Member of the House of Representatives of Liberia
- In office 2012–2020
- Preceded by: Moses Saah Tandanpolie Sr.
- Succeeded by: Frank Saah Foko Jr.
- Constituency: Montserrado-9

Personal details
- Born: Munah Evangeline Pelham 22 September 1983 Liberia
- Died: 8 July 2020 (aged 36) Accra, Ghana
- Political party: Congress for Democratic Change
- Spouse(s): Dr. Raymond Youngblood, Jr.
- Children: Sarafina Munah Youngblood
- Alma mater: University Of Liberia
- Committees: Women Legislative Caucus of Liberia | Contracts, Monopolies, Public Procurement & Concession | Gender, Child Protection & Social Welfare | Youth & Sports | Foreign Affairs | Oil & Gas, Banking & Currency | Rules Order & Administration | Secretary General Montserrado County Legislative Caucus | Financial Secretary Women Legislative Caucus of Liberia/Congress For Democratic Change/Legislative Caucus | St. Philomena Lady Auxiliary #306 Knights of St John International
- Nickname: The King Maker

= Munah Pelham-Youngblood =

Liberian politician (1983–2020)

Munah Evangeline Pelham-Youngblood (22 September 1983 – 8 July 2020) was a Liberian politician. She was elected twice to the Liberian House of Representatives. She was the youngest person ever elected to the Liberian parliament. A partisan of the Congress for Democratic Change, she belonged to the inner circle of President George Weah.

==Early life and family==
Munah Evangeline Pelham was born on 22 September 1983. Her parents were Col. Walter Maxwell Pelham Sr., a senior Liberian National Police officer and head coach of the Liberia national football team, and Elizabeth Pelham, Comptroller of the House of Representatives. She was married to international gold miner Dr. Raymond Youngblood, Jr. in 2013. Hon. Pelham-Youngblood and her husband have one daughter Sarafina Munah Youngblood. Munah Pelham-Youngblood earned a B.Sc. degree in mass communications and a master's degree in international relations from the University of Liberia.

Before being introduced into politics by her husband Pelham-Youngblood worked as a fashion and runway model. She was a beauty queen, and represented Liberia in Miss Malaika International 2004 and Miss Silverbird International in 2005. She was the first runner-up in the Miss Liberia contest of 2005.

==Parliamentarian==
Pelham-Youngblood was elected to the House of Representatives from the 9th District of Montserrado County in the 2011 Liberian general election, at the age of 27, she defeated 20 candidates in the 2011 elections, and as the incumbent in the 2017 Liberian general election, standing as a Congress for Democratic Change candidate she defeated 13 candidates.

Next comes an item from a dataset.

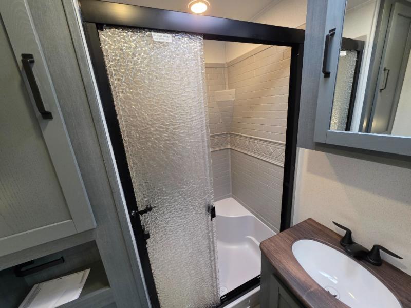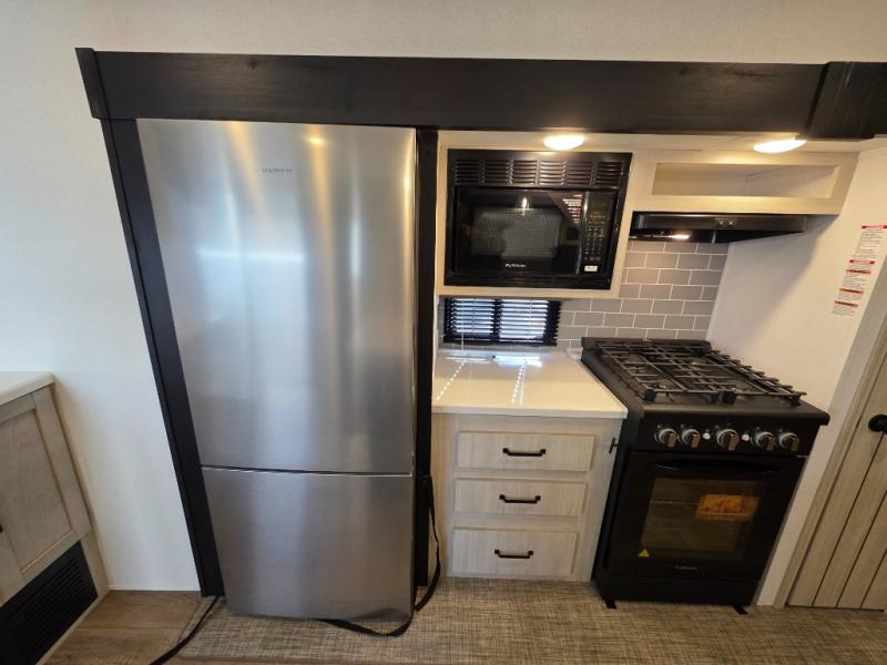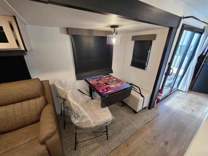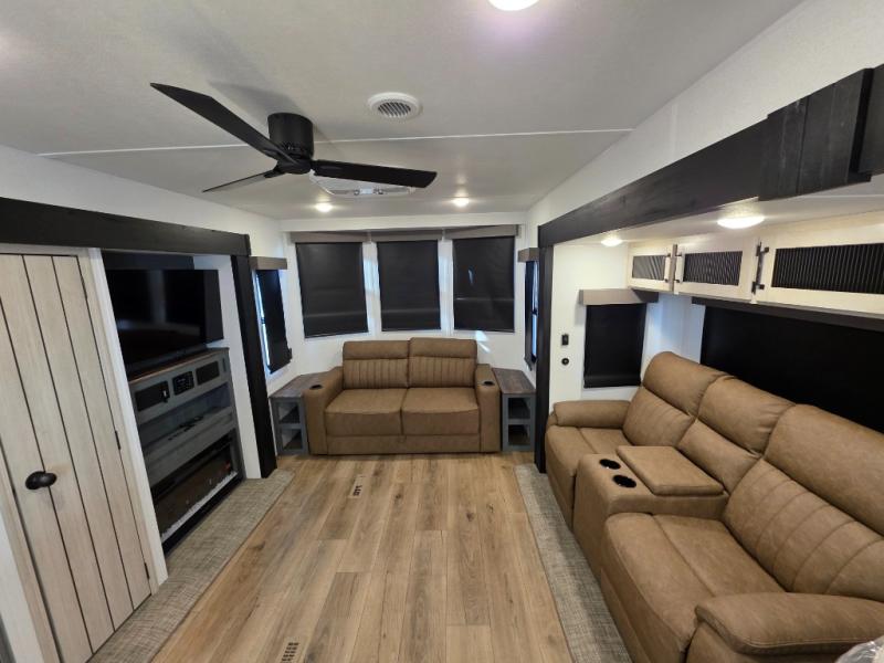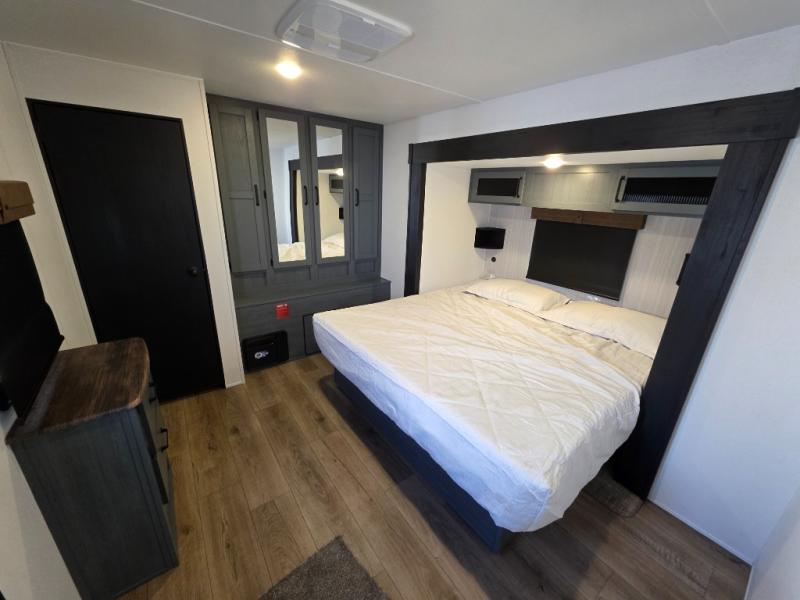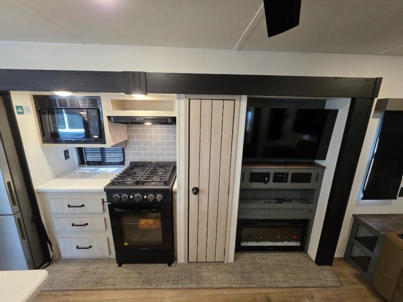 Get ready to enjoy your destination for a weekend or even longer in comfort with the front living and kitchen combined area. The sofa and booth dinette offer relaxing and dining space as well as sleeping space when needed. There are two recliners you are sure to love, as well as a fireplace to make it feel more like home. There is a kitchen island to prepare and serve meals from and wash the dishes. The kitchen offers full amenities including a stainless steel refrigerator and plenty of storage. You will surely enjoy the natural lighting from the patio door, and the second entry/exit is located in the rear private bedroom where you can sleep like a royalty on the king bed. There is also a closet with the option to add washer and dryer prep if you choose!

In the House of the Representatives, she chaired the committee on the Executive. After the election of George Weah as President of Liberia, she organized the 2018 and 2019 State of the Nation addresses of President Weah. She co-chaired the Women's Legislative Caucus (and later served as the financial secretary of the Women's Legislative Caucus) and the Committee on Contracts, Monopolies, Public Procurement & Concession, and was a member of the Committees on Gender, Child Protection & Social Welfare, Youth & Sports, Foreign Affairs, Oil & Gas, Banking & Currency, Rules Order & Administration. She served as the secretary general of the Montserrado County Legislative Caucus. She chaired the Liberian chapter of the World Bank/IMF Parliamentary Network.

==Illness and death==
Pelham-Youngblood reportedly fell ill in mid-April 2018 and travelled out of Liberia for medical treatment, visiting Ghana and Ivory Coast before going to India. While receiving treatment in India, rumours spread on Liberian social media of her death, provoking a rebuttal from her family.

Pelham-Youngblood returned to Liberia on 18 July 2018. A thanksgiving service was held at Lakpazee Community Church in Lakpazee, Sinkor, Monrovia to celebrate her return. In 2019, she was out of Liberia for ten months for medical treatment. She died in Accra, Ghana, on 8 July 2020, aged 36.